Когда-то она такой же шестнадцатилетней девочкой приехала и устроившись на фабрику, с отличием закончила ФЗУ, получила направление в институт, была передовиком на производстве и как молодой специалист два года назад получила квартиру. И это в 32 года. Личная жизнь у Надежды как-то не сложилась. Уж очень резким был у нее характер и не одного кавалера она жестко выпроводила за малейшие прегрешения или неуважение. И для себя Надежда уже решила, что будет жить одна, если уж не складывается. Острые языки дали ей в свое время прозвище «бетонщица», когда один из неудачливых ухажеров сказал, что она железобетонная тетка, имея ввиду ее непреклонный характер. Вот такая женщина была наставником у молодежи.
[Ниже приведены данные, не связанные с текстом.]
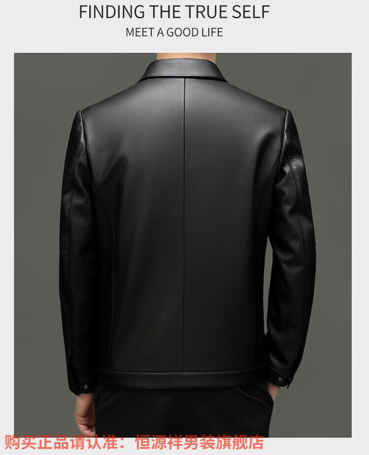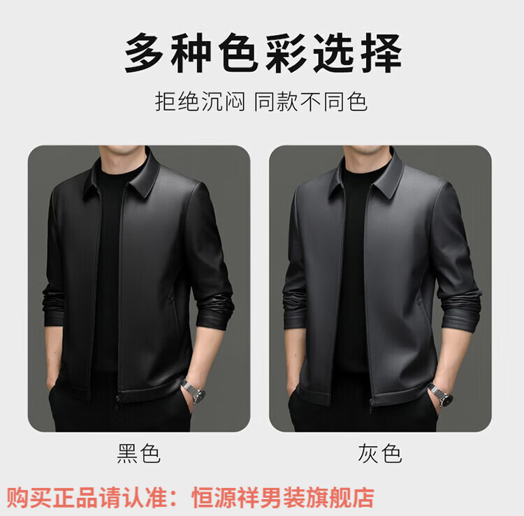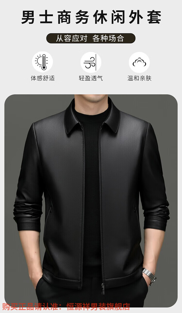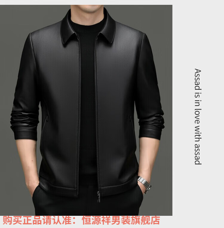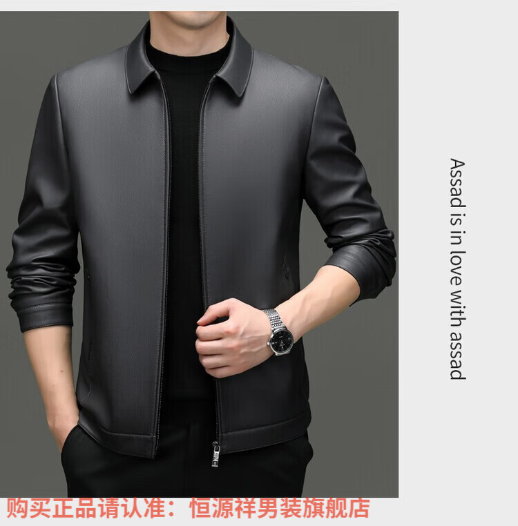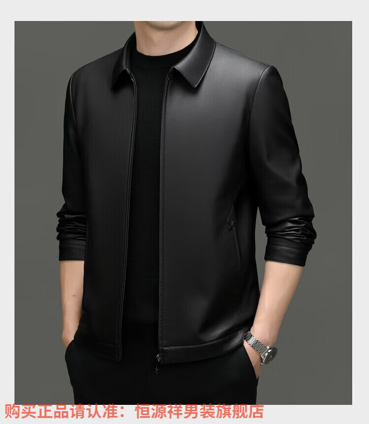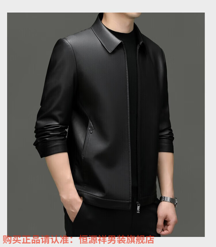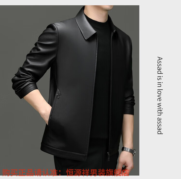 Hengyuanxiang Men's Leather Jacket Autumn and Winter Young and Middle-aged Lapel Matte Soft Leather Men's Motorcycle PU Casual Handsome Leather Jacket Black XL 175

Все шло своим чередом, но однажды, железобетонное сердце Надежды дрогнуло, когда по распределению на фабрику приехал работать молодой инженер Мирон Иванович. Именно по имени отчеству с первого дня звали все сотрудники двадцатисемилетнего парня, за его знания, обстоятельность в работе, умение ладить со всеми от высочайшего руководства до каждого рабочего. Разумеется, Мирон Иванович не был обделен женским вниманием, работая в женском коллективе. Только никому он не отдавал явного предпочтения. То, что Надежда сохнет по Мирону, не долго было секретом. Молодые девчонки похихикивали за ее спиной, что мол старуха и все туда же, ведь старше на семь лет, да он и не посмотрит в ее сторону. Надежда старалась не замечать этих слухов, но сердце все равно замирало и краснели щеки, когда по работе приходилось общаться с Мироном.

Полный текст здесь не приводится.